==== Source information ====

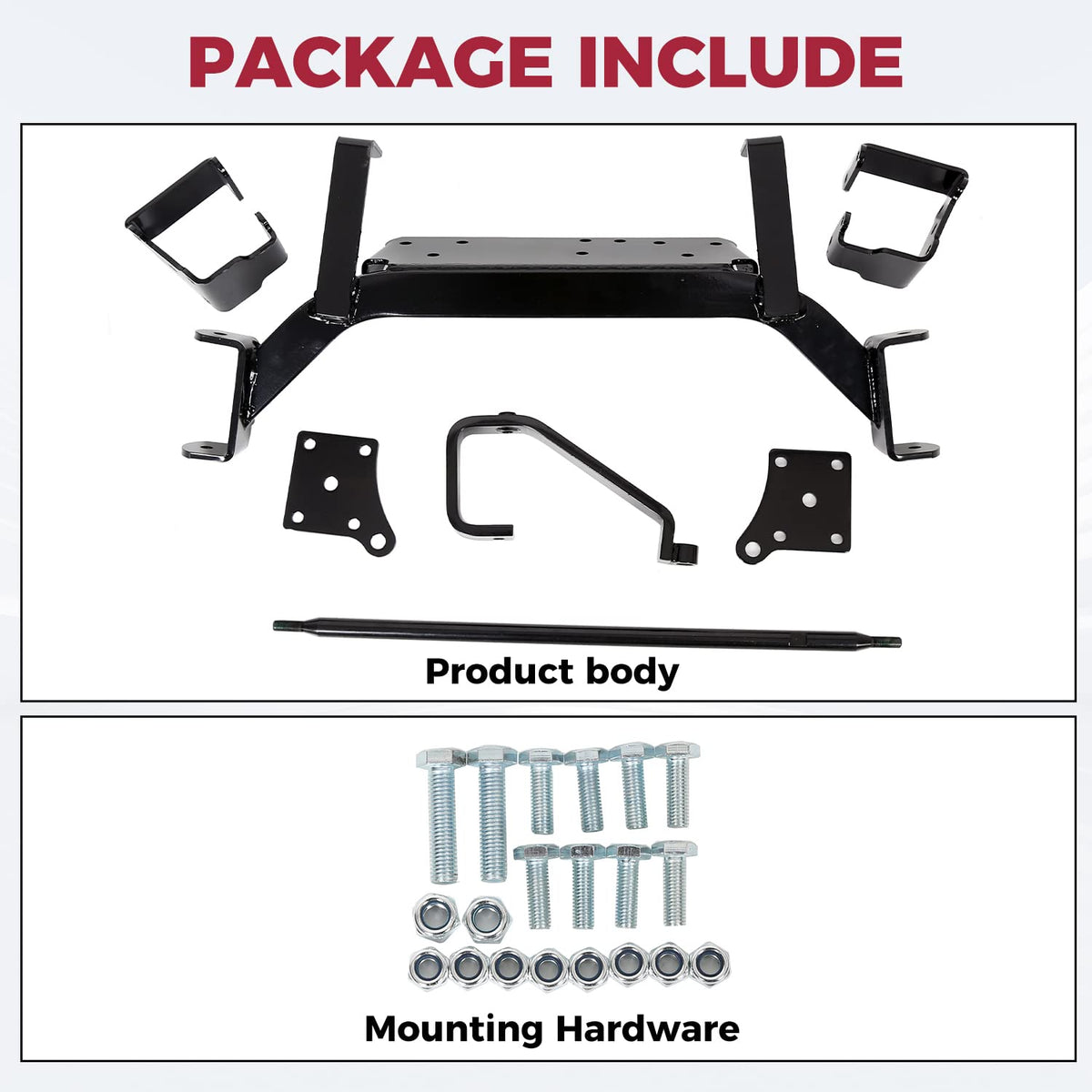 Q: Is there any maintenance required after installing the lift kit?A: After installation, regular checks on the hardware and components are recommended to ensure everything remains secure and in good condition. Make sure to periodically inspect for wear and tear, especially after extensive use.
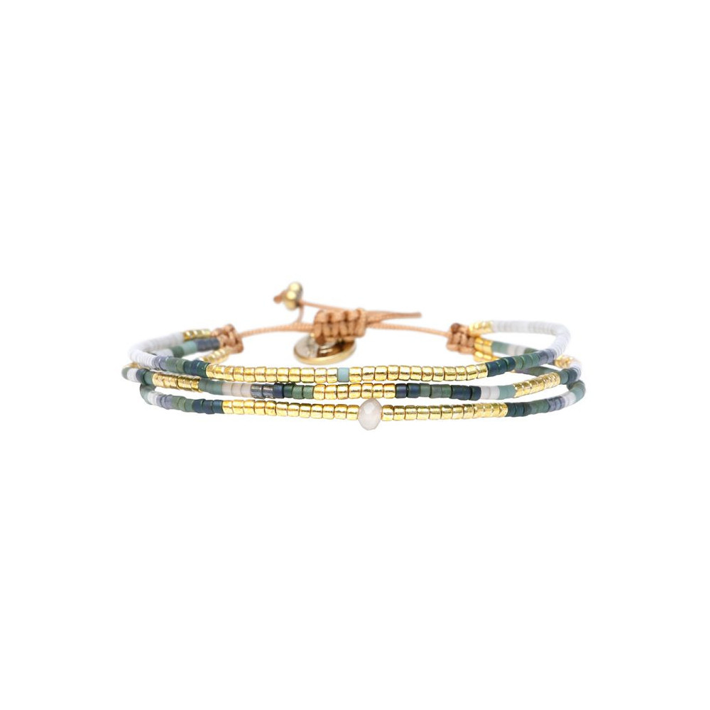 Bracelet Agathe composé de perles de miyuki dorées - vert céladon - vert mat imperial métalisé - bleu délicat pastel - émeraude lustré - blanc soie de pêche. Bracelet entièrement confectionné à la main de manière artisanale. Fermoir lien coulissant, ajustable à tous les poignet (14 à 24 cm). Chaque bijou de la marque est livré dans un pochon spécifique.
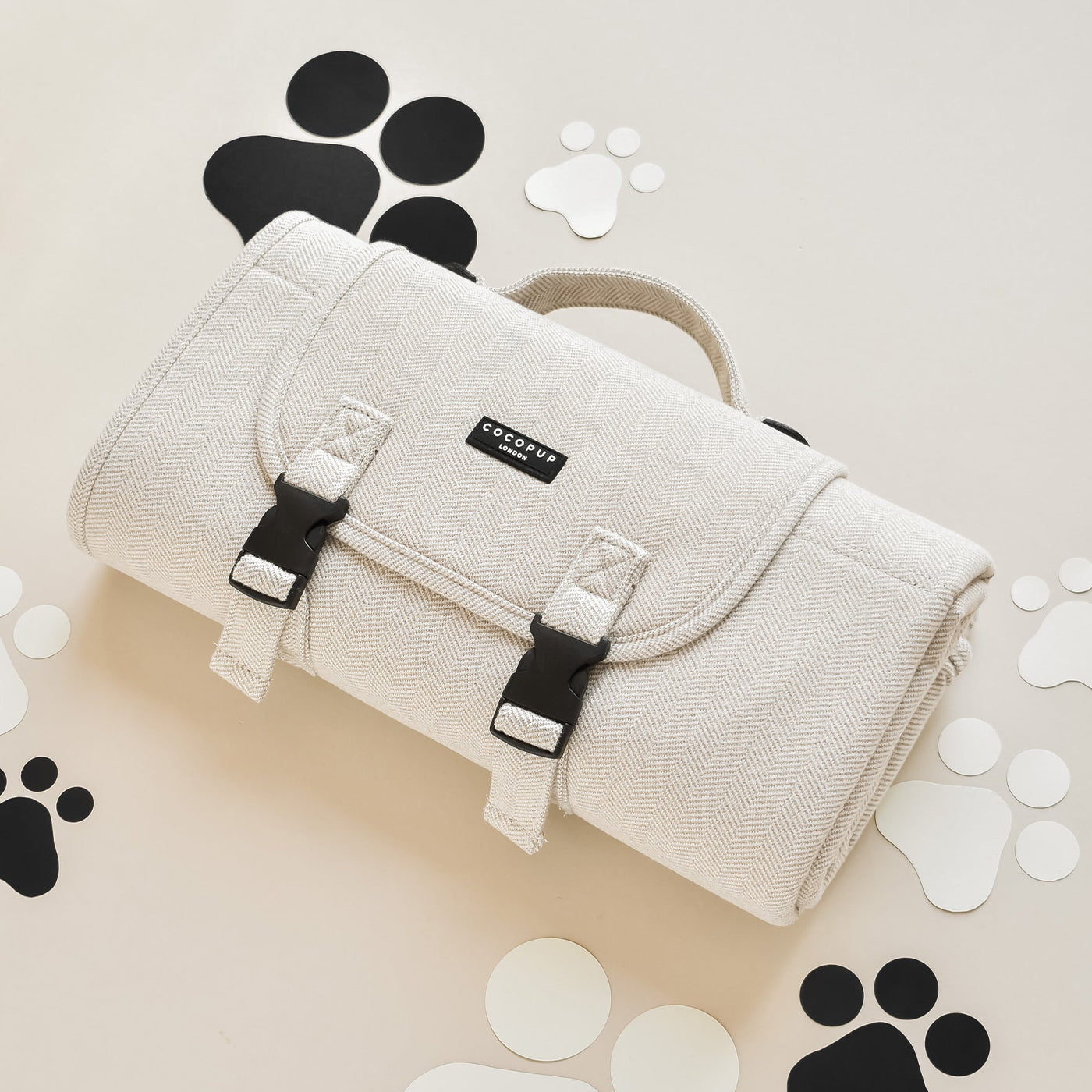 The Lords & Labradors Herringbone Tweed Travel Mat is perfect for on the go. This hardwearing travel mat is available in two sizes and three colours. It easily rolls up for storage, and features a convenient carrying handle for easy portability. The Herringbone Tweed Travel Mat can be used as a seat cover, boot mat or travel bed.
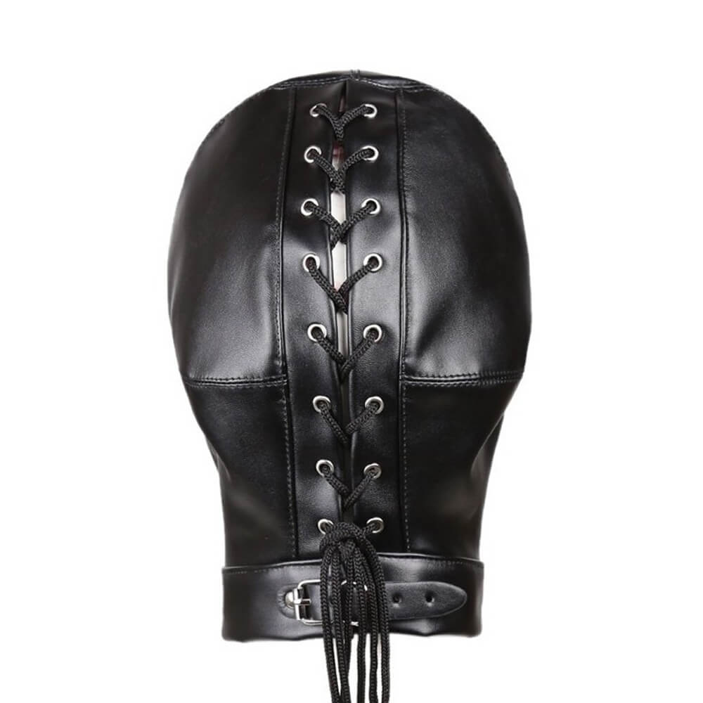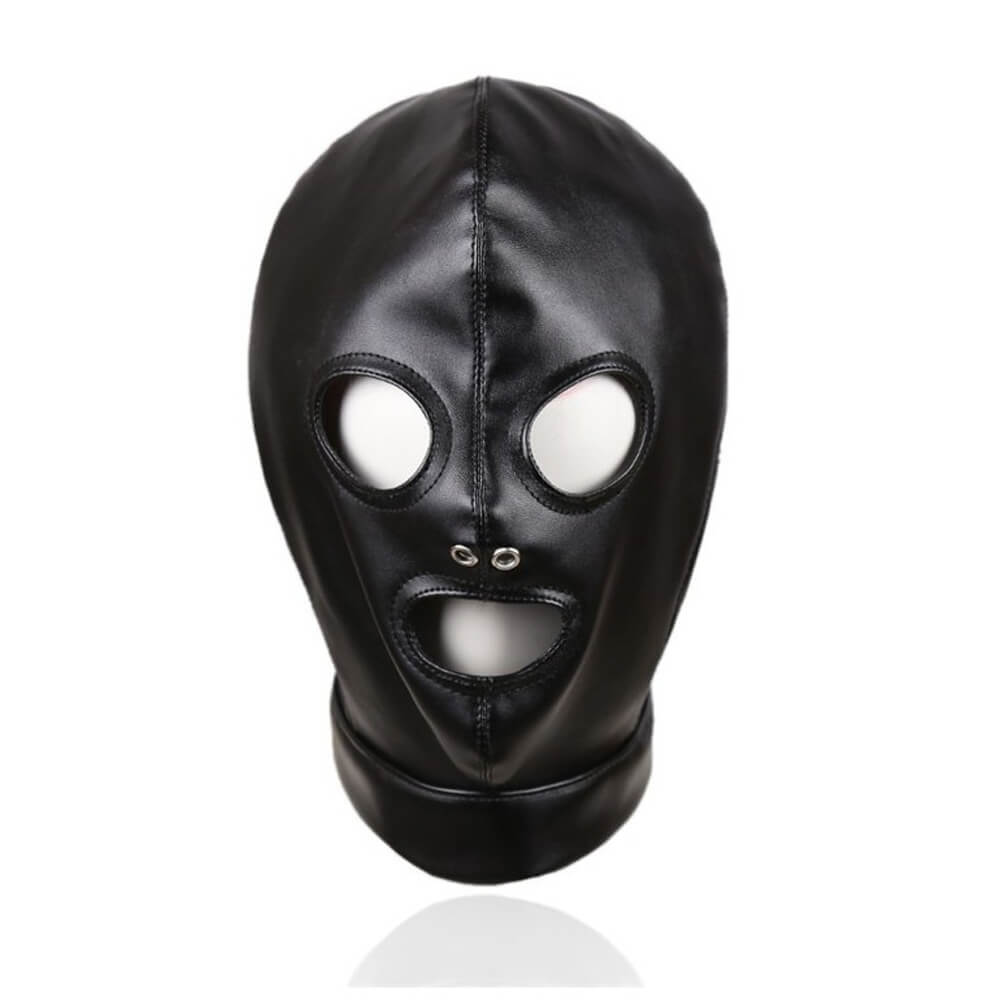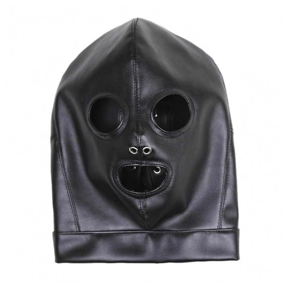 La cagoule est réalisée en matière simili cuir.
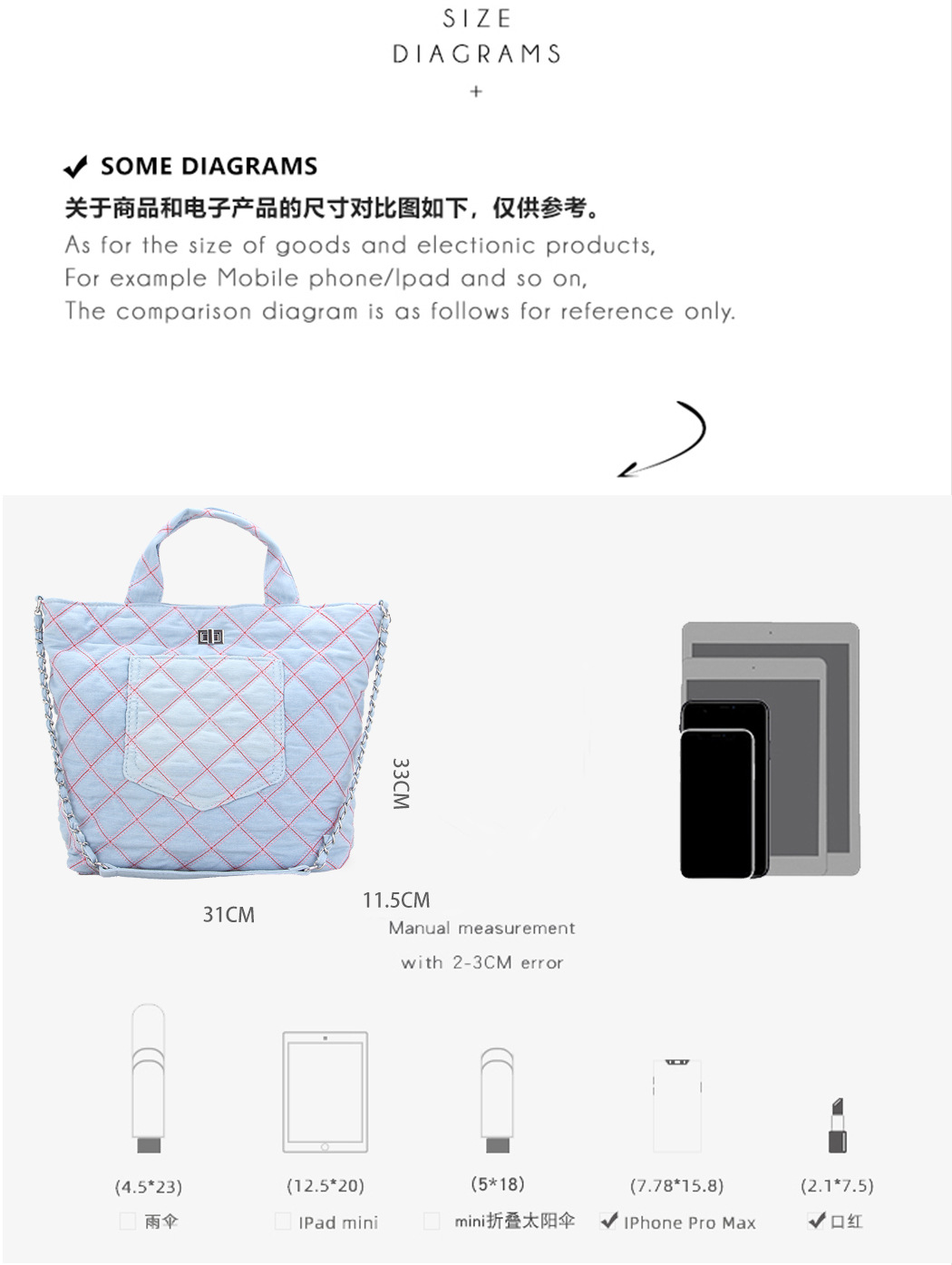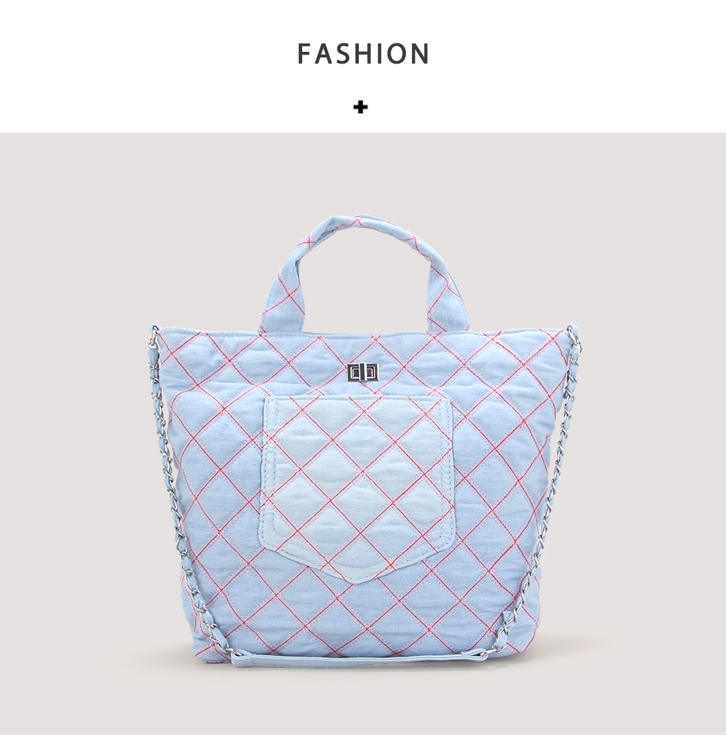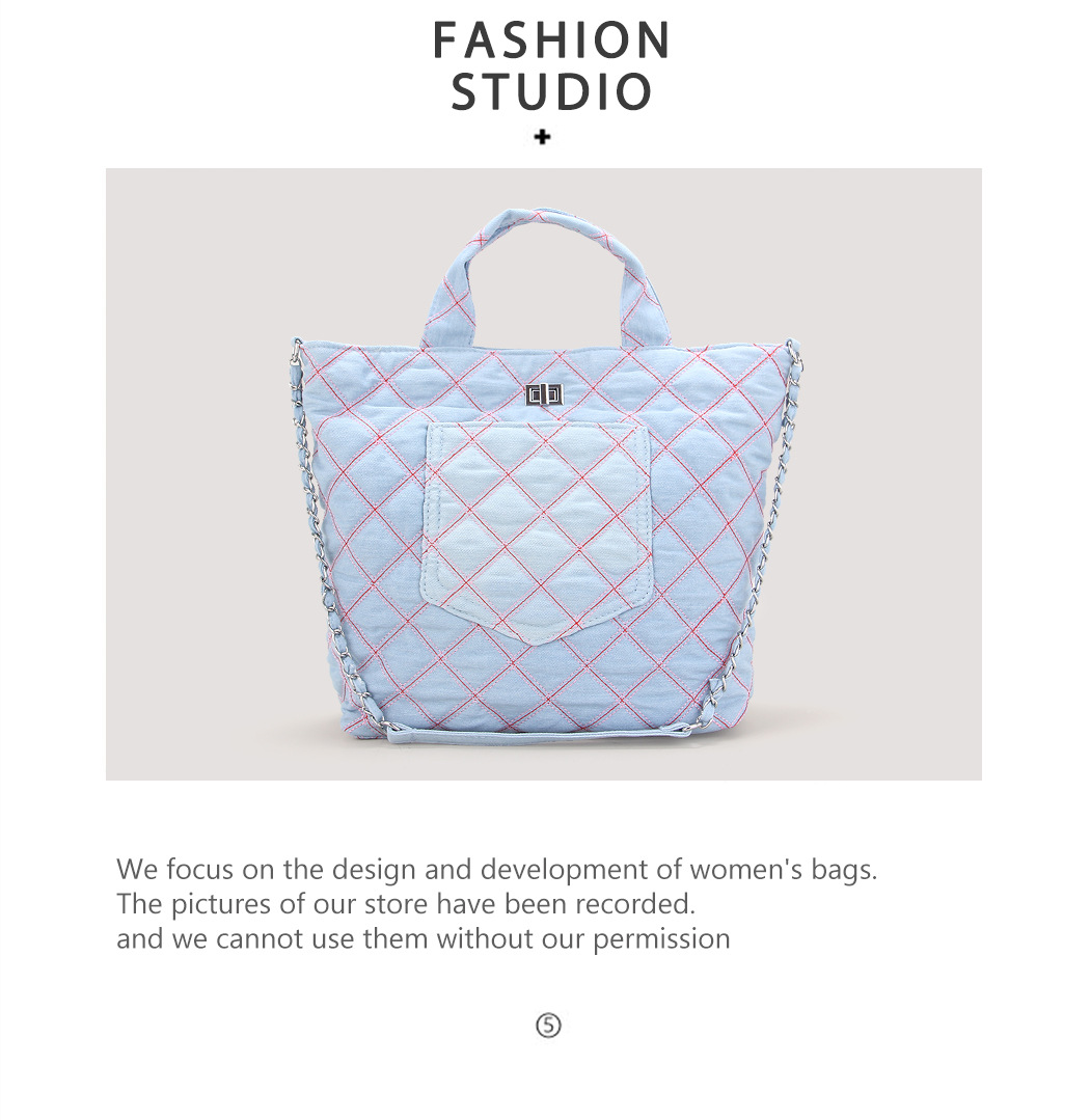 Large-capacity rhombus embroidery bag for women 2023 summer new portable tote bag for class commuting shoulder bag cloth bag

====

### Problem to work on
Output everything in the records exactly, leaving pictures out.

### Response below
 Q: Is there any maintenance required after installing the lift kit?A: After installation, regular checks on the hardware and components are recommended to ensure everything remains secure and in good condition. Make sure to periodically inspect for wear and tear, especially after extensive use.
 Bracelet Agathe composé de perles de miyuki dorées - vert céladon - vert mat imperial métalisé - bleu délicat pastel - émeraude lustré - blanc soie de pêche. Bracelet entièrement confectionné à la main de manière artisanale. Fermoir lien coulissant, ajustable à tous les poignet (14 à 24 cm). Chaque bijou de la marque est livré dans un pochon spécifique.
 The Lords & Labradors Herringbone Tweed Travel Mat is perfect for on the go. This hardwearing travel mat is available in two sizes and three colours. It easily rolls up for storage, and features a convenient carrying handle for easy portability. The Herringbone Tweed Travel Mat can be used as a seat cover, boot mat or travel bed.
 La cagoule est réalisée en matière simili cuir.
 Large-capacity rhombus embroidery bag for women 2023 summer new portable tote bag for class commuting shoulder bag cloth bag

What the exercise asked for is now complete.